Since the CAN SPAM Act went into effect in early 2004, efforts have been made to determine its efficacy in limiting spam.  The CAN SPAM Act is enforced by the Federal Trade Commission, which subsequently produced a report on the success on its Act to Congress in 2005 (Majoras, Leary, Harbour, & Leibowitz, 2005).  Contained in the report was the conclusion that spam has stabilized since the creation of the CAN SPAM Act, whereas before spam displayed a steady increase over time.  The data used were the number of spam emails received per day by the FTC.

Other authorities have similarly analyzed spam volume to determine whether spam rates or content differed after the passing of the Act.  According to MessageLabs, an anti-spam and security company, after one year following the CAN SPAM Act, email that was considered spam went up from 60% of all global email the year before to 80% by the end of the year (Zeller, 2005).  When the FTC measured spam in absolute terms (amount received per day), spam seemed to have slowed.  But when measured in relation to the amount of legitimate email sent, spam seemed to have increased.

It should be mentioned however that neither the Federal Trade Commission nor MessageLabs report the statistical significance of their findings.  Although overwhelming consensus seems to be that spam has not decreased significantly since the creation of the CAN SPAM Act (Lee, 2005; Arora, 2006), such conclusions should be finalized with a little more statistical rigor.

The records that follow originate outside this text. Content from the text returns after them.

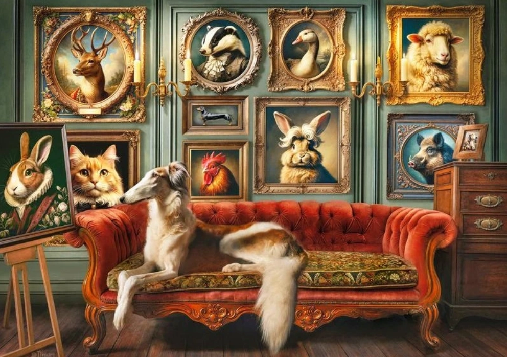 Ontdek het elegante motief “Aristocratische menagerie”, dat subtiele humor combineert met gedetailleerde uitwerking. De puzzel met 1000 stukjes is een uitstekende keuze voor zowel beginners als gevorderden die op zoek zijn naar een gebalanceerde uitdaging en hoogwaardige afwerking. Na het leggen krijg je een afbeelding van ongeveer 70 × 50 cm, geschikt om in te lijsten en tentoon te stellen.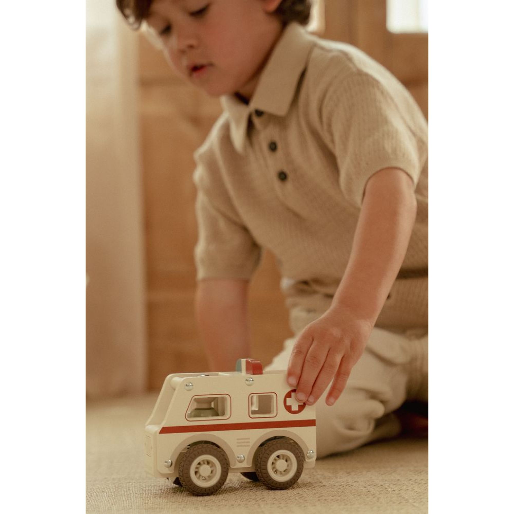 L'ambulance est fabriquée en bois certifié FSC (Forest Stewardship Council), garantissant que le matériau provient de forêts gérées de manière responsable. Elle est également peinte avec une peinture à base d'eau non toxique, assurant la sécurité des tout-petits.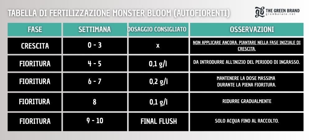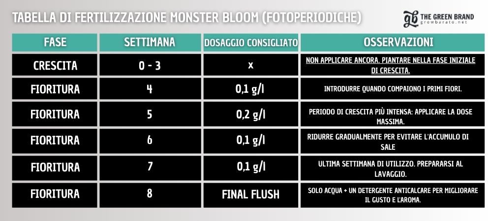 La chiave per sfruttare al massimo Monster Bloom è seguire la Tabella di fertilizzazione ufficiale, applicando la dose giusta al momento giusto. Un eccesso di prodotto può saturare le radici e compromettere la salute della pianta, mentre un’applicazione corretta garantisce risultati spettacolari in termini di densità, peso e qualità delle cime.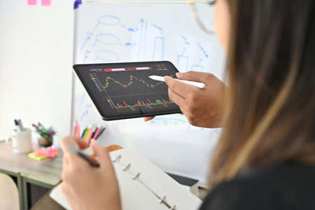 An investment expert points a pen at a tablet monitor to analyze the stock market to teach you how to make a profit.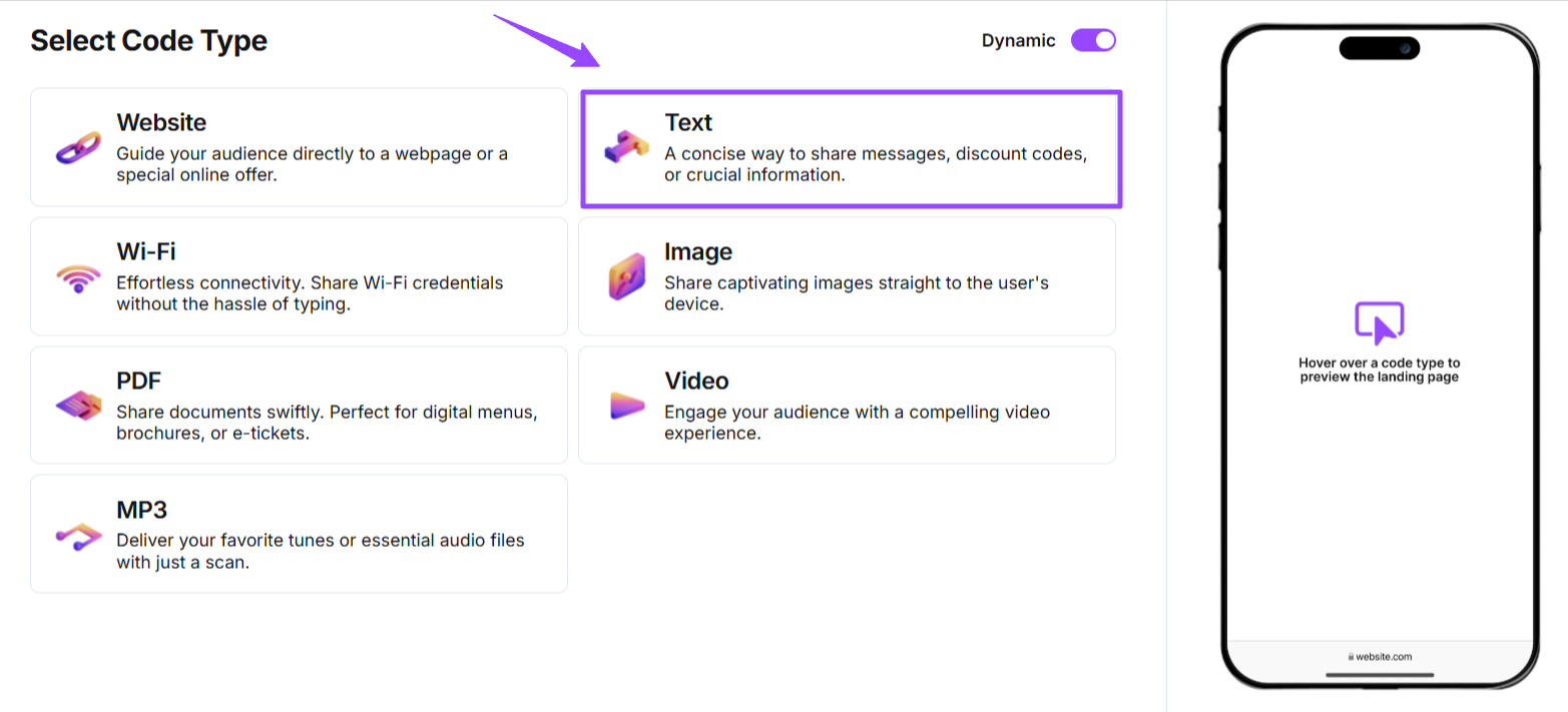 Step 3: Create Your Wedding Invite Text QR Code Now, we’ll create a Text QR code to share a personalized message with all your guests. For this, choose the Text option while selecting Select Code Type.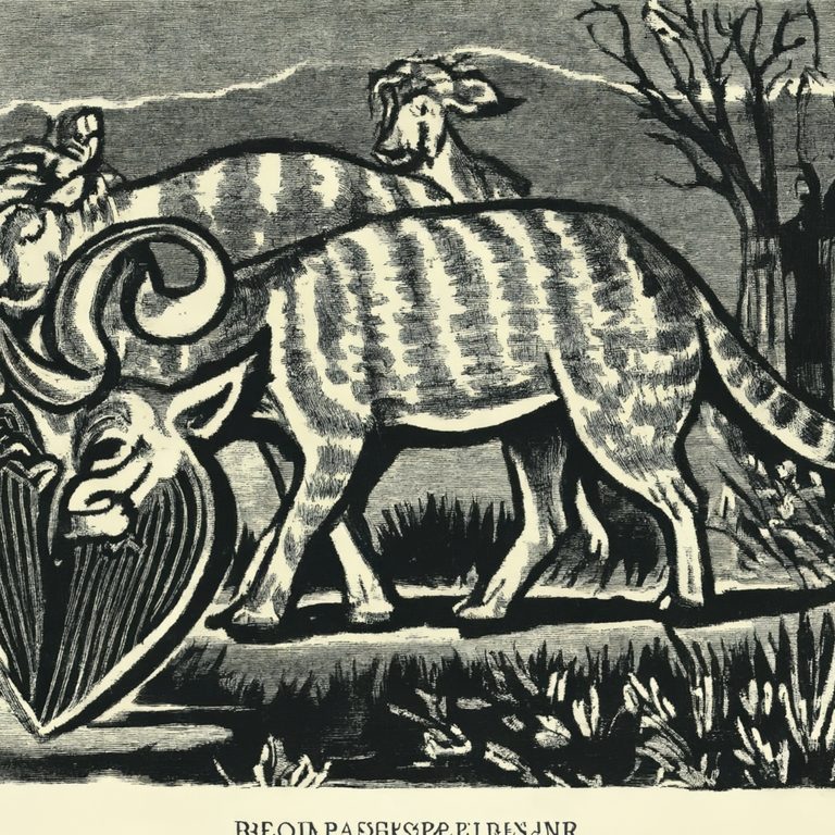 De compositie combineert natuurlijke elementen met een grafische scherpte die doet denken aan expressionistische prenten uit het begin van de twintigste eeuw. De stilte in de achtergrond contrasteert met de beweging van de dieren, wat een gevoel van zowel spanning als sereniteit oproept. Dit werk nodigt de toeschouwer uit om de grens tussen natuur en verbeelding opnieuw te verkennen.

Despite this, the actual volume of spam sent is not the only measure of the success of the CAN SPAM Act.  Questions as to whether compliance with the specific requirements detailed in the act may have increased since the passing of the law have been investigated.  In one such case, 1,100 unsolicited commercial emails were randomly selected from 5 email accounts, once six months after the passing of the CAN SPAM Act and another sampling two years after the act went into effect (Grimes, 2007).  Each email message was rated as either complying with the CAN SPAM Act, or not complying with the act.

Unfortunately, 14.3% of spam complied with legal requirements the first six months following the act, whereas a mere 5.7% of emails complied with it two years later (Grimes, 2007).  However, a sample size of 1,100 might not be large enough for something done on as massive a scale as spam.  Additionally, no baseline of compliance was established in spam messages before the CAN SPAM Act was instated.

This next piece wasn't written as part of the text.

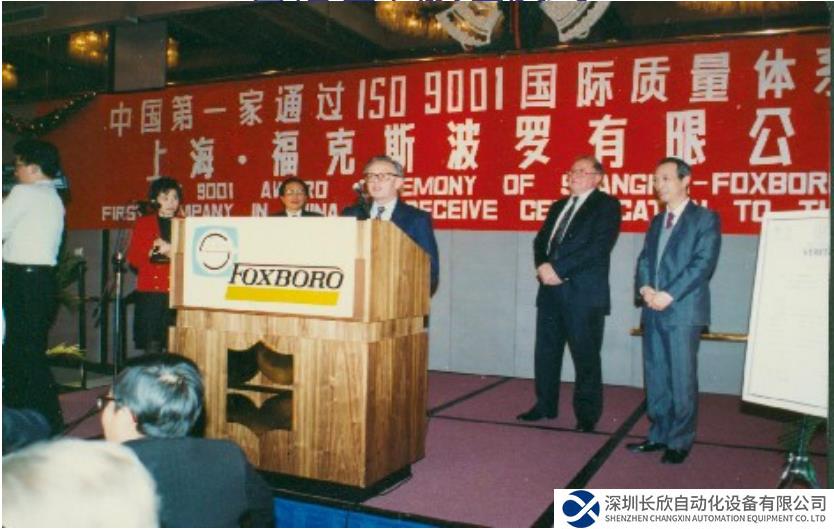 1991年12月,Foxboro中国公司取得了一个历史性的突破——成为中国首个获得ISO 9001国际质量合格证书的企业,为缩短我国仪表行业乃至工业领域与国际先进水平的差距做出了标杆性贡献。在随后的几年里,来Foxboro工厂参观交流的企业络绎不绝,同时工厂质量体系方面的专家也陆续到全国企业进行交流分享。这些经验帮助了越来越多的企业通过国际质量体系认证,为他们以后走出中国、打开全球市场奠定了基础。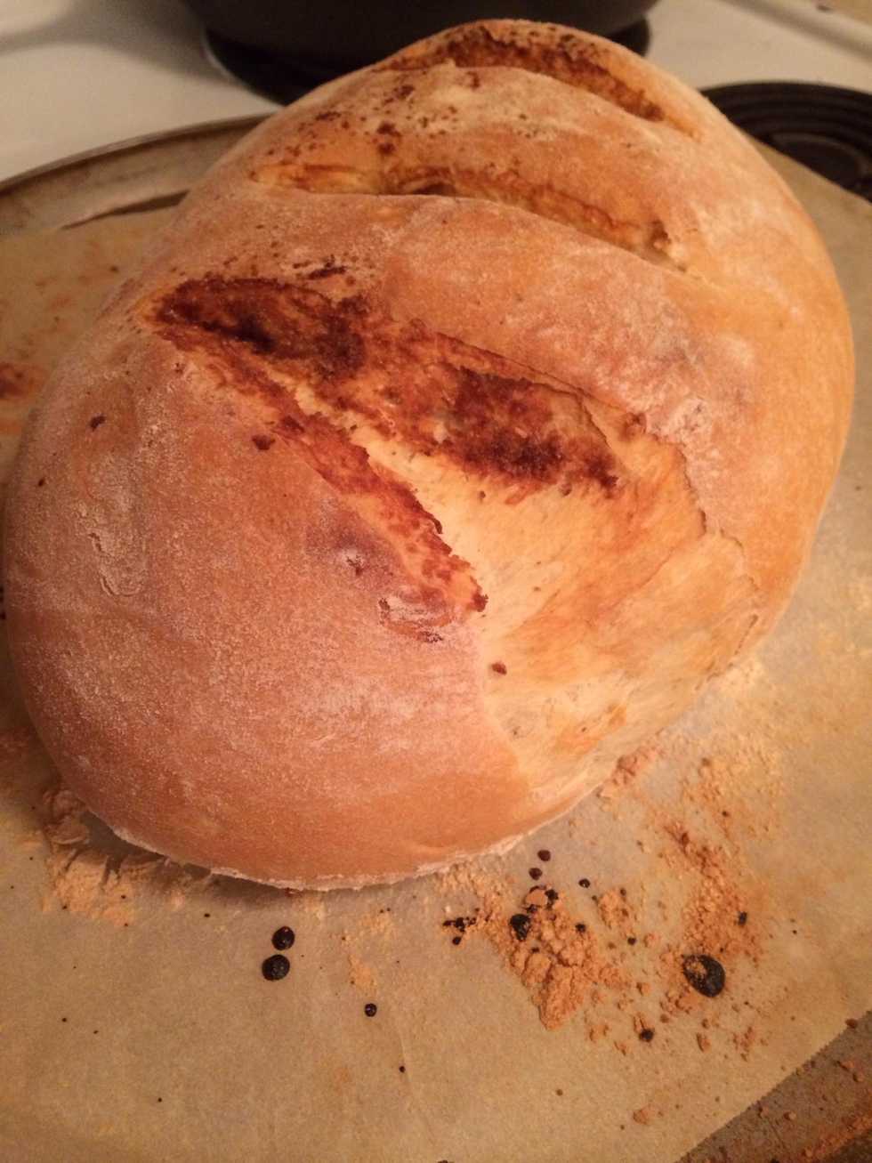 Artisan bread. 3.5 hrs to make. Costs ~$0.40/ loaf estimated.

Another possible measure that seems lacking in the literature includes the location from which spam is sent.  If spam has not been affected by existing laws, it could be that spammers have moved their operations across borders, outside of the United States, where the CAN SPAM Act has no jurisdiction. CAN SPAM may not have decreased spam rates, but rather moved spam sending botnets to where the Act has no reach.

Considering the enormity of the problem spam poses to the 1.6 billion people online (Internet World Stats, 2009), and some of the seeming impunity spammers enjoy since the majority of anti-spam practices have been defensive rather than offensive, existing spam law warrants extensive investigation.  Anti-spam law has been given less emphasis than anti-spam technology, and it should be improved just as much as spam filters and intrusion detection systems.  With the rigor of scientific analysis of existing laws, such as the CAN SPAM Act, we can hope to piece together what laws might work, and which ones could stand to see some improvement.

 

Methods

Sample

The sample for the present study consisted of 2,071,965 email messages sent and received between February, 1998 and December, 2008.  The sample was acquired from Untroubled Software, a software security and optimization website that also provides downloadable spam archives for researchers.  The data were retrieved on January 3, 2009 from http://untroubled.org/spam, and consists of millions of email files.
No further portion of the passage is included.